Others have already died behind prison walls: Members of the MOVE 9 have died in prison. Merle Africa died in 1978, Phil Africa died in 2015 and Delbert Africa died shortly after his release in 2020. Robert Seth Hayes was a member of the Black Panther Party. After serving 45 grueling years, he was granted parole and released in 2018, making him one of the longest-held political prisoners in U.S. history. He died shortly thereafter in 2019.
The list of prisoners who are at serious risk of dying and their maladies are harrowing: Jamil Abdullah Al-Amin, 77, was convicted of killing a law enforcement officer in 2000. Formerly known as H. Rap Brown, the Muslim imam was leading efforts to clean up an Atlanta neighborhood when convicted of a killing he denied committing. He is former chairman of the Student Nonviolent Coordinating Committee and a former Black Panther. He is blind and battling cancer. Sundiata Acoli is 84 years old.
The former member of the Black Panther Party and Black Liberation Army contracted Covid-19 and suffers from dementia, and cardiovascular disease. Kamau Sadiki, 68, was convicted in 2003. A former member of the Black Panther Party and the Black Liberation Army, he suffers from a serious leg infection, cirrhosis of the liver, and sarcoidosis. Mutulu Shakur, 70, was convicted in 1988. Today the former member of the Revolutionary Action Movement and Republic of New Afrika is fighting cancer.
Mr. Peltier suffers from Covid-19, diabetes and heart trouble.
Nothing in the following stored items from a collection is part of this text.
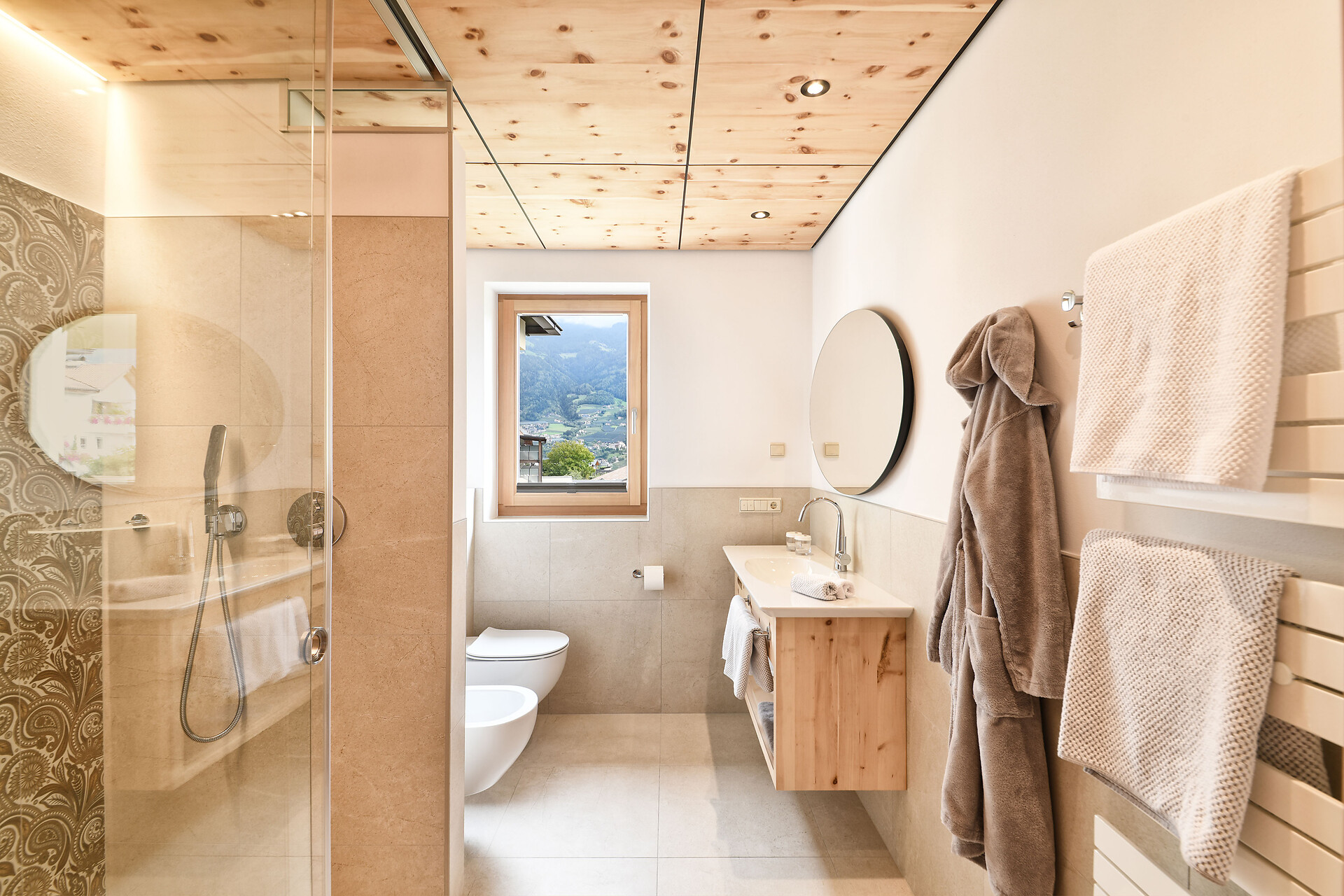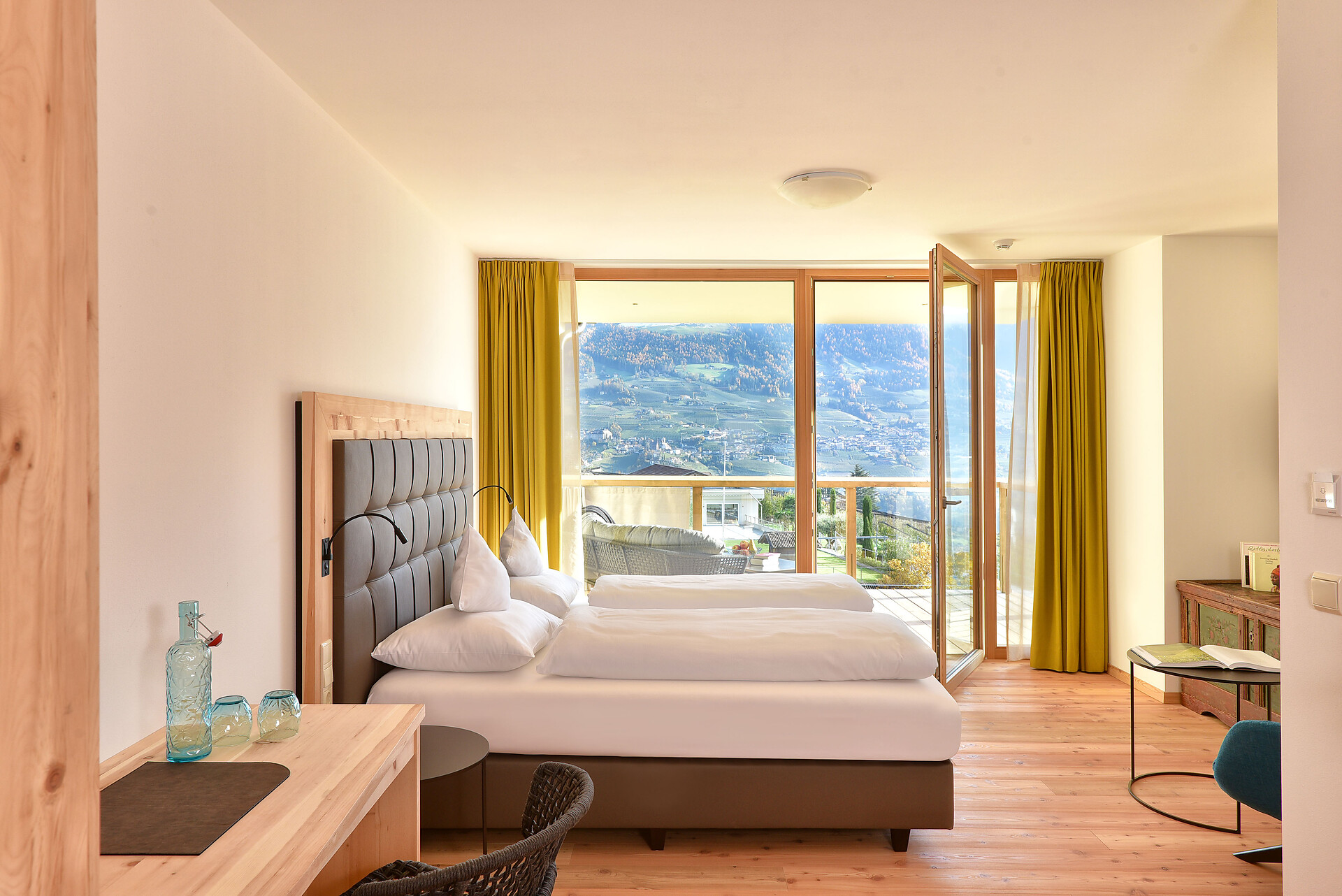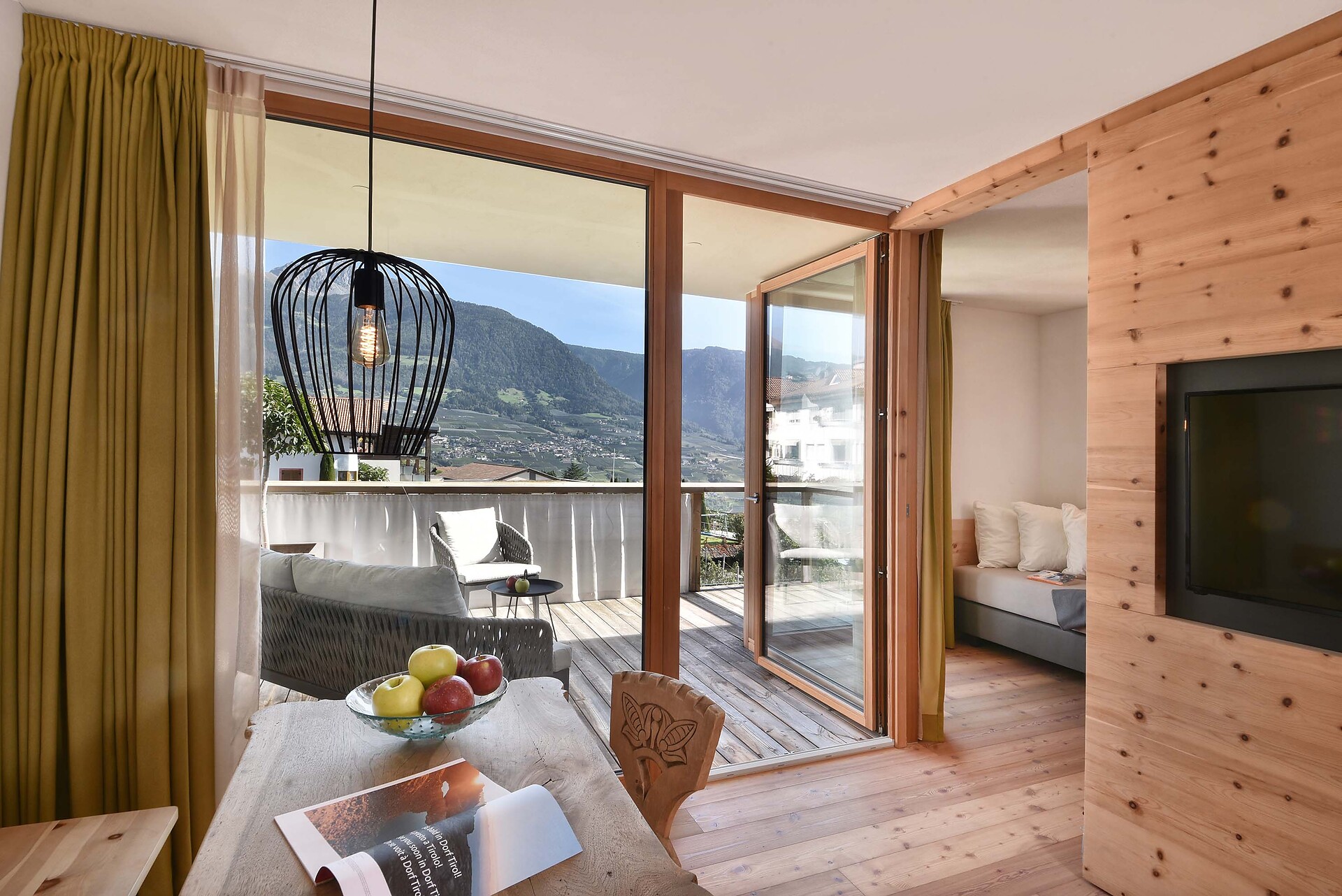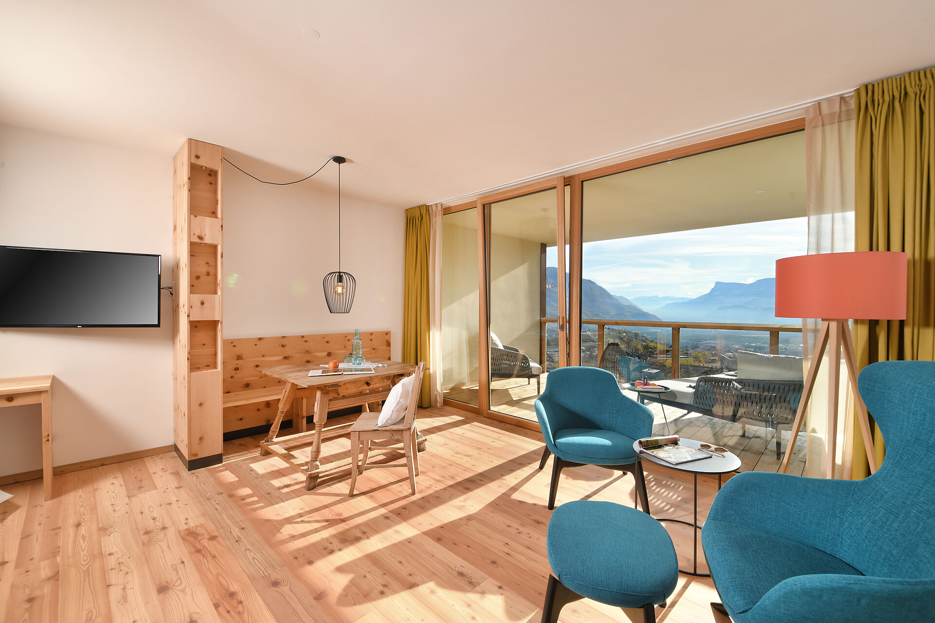 Suite con mobili in cirmolo e pavimento in legno di larice,
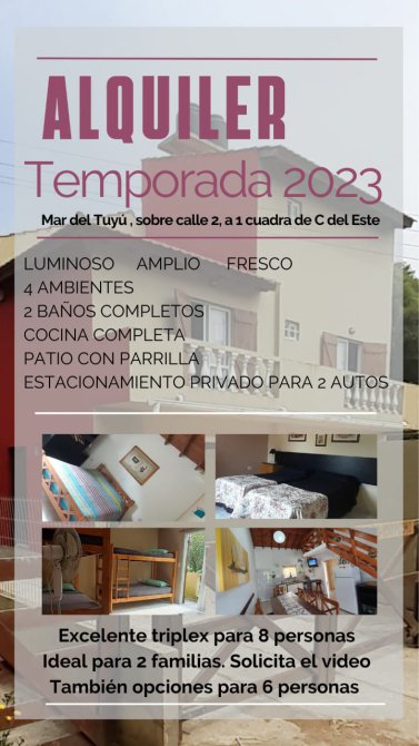 COMODIDADES: ESPACIO PARA VARIOS AUTOS, COCINA-COMEDOR, BAÑO COMPLETO EN PLANTA BAJA Y PATIO CON PARRILLA. EN PLANTA ALTA UN DORMITORIO MATRIMONIAL, UN BAÑO COMPLETO, UN SEGUNDO DORMITORIO CON DOS CAMAS CUCHETAS Y UN TERCER DORMITORIO EN ALTILLO CON DOS CAMAS SIMPLES.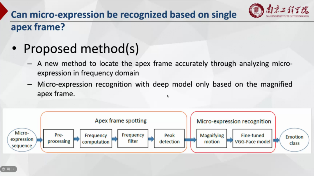 在结合深度学习方法的部分,由于基于视频的微表情识别研究受到样本数目少的限制,存在严重过拟合的情况,黄晓华教授及其团队探索了基于微表情峰值帧和结合深度学习的识别方法。首先通过在频域对微表情片段进行分析,得到该片段中微表情动作的峰值帧,在放大等预处理后,通过VGG-Face模型进行微表情的情感分类。

Despite the Covid-19 epidemic, there is an overwhelming lack of compassion shown for these men, say their family members and supporters. Elderly, blind, wheelchair-bound, these prisoners pose no threat, even those often released die quickly.
Given the popular movie on the government targeting and killing of Chicago-based Black Panther leader Fred Hampton in the 1960s under the government’s dastardly Cointelpro program and the exoneration of two innocent men wrongly jailed for decades for killing Malcolm X, where is the domestic and international outrage for those still locked away under dubious charges—and even if guilty, they should have long qualified for release? advocates ask.
“Cointelpro did a job on the Black community. They followed up that job with a drug epidemic. They flooded the Black community, so there was a lost generation to be quite honest that generation that followed my generation kind of got swept away in poverty, in drugs, in American propaganda,” commented former political prisoner and Black Panther Marshall Eddie Conwell, who served 43 years in prison. “What is not discussed is how the Cointelpro program put pressure on Black liberation organizations, causing them to react prematurely.
Putting such pressure on people that made people resist and fight back prematurely. And they used that premature resistance in urban guerilla activity to suppress the entire spectrum of the liberation struggle. The end game is the death sentence these captured soldiers are facing,” he said.
“There’s always been a lack of compassion toward these brothers because the government forces and the right-wing forces have continuously organized against them and treated them as political prisoners, but in fact, have labeled them as criminals. If they don’t have a direct family member or close friend that advocates for them, they actually disappear.”
Mr. Conway added, “Medical care in the prison industrial complex is almost nonexistent. People die in those cells. It’s always been a case of them getting the cheapest healthcare providers for the prison system so they can save money. So, it’s bad news, and it’s bad news for elders more than anybody else,” Mr. Conway said.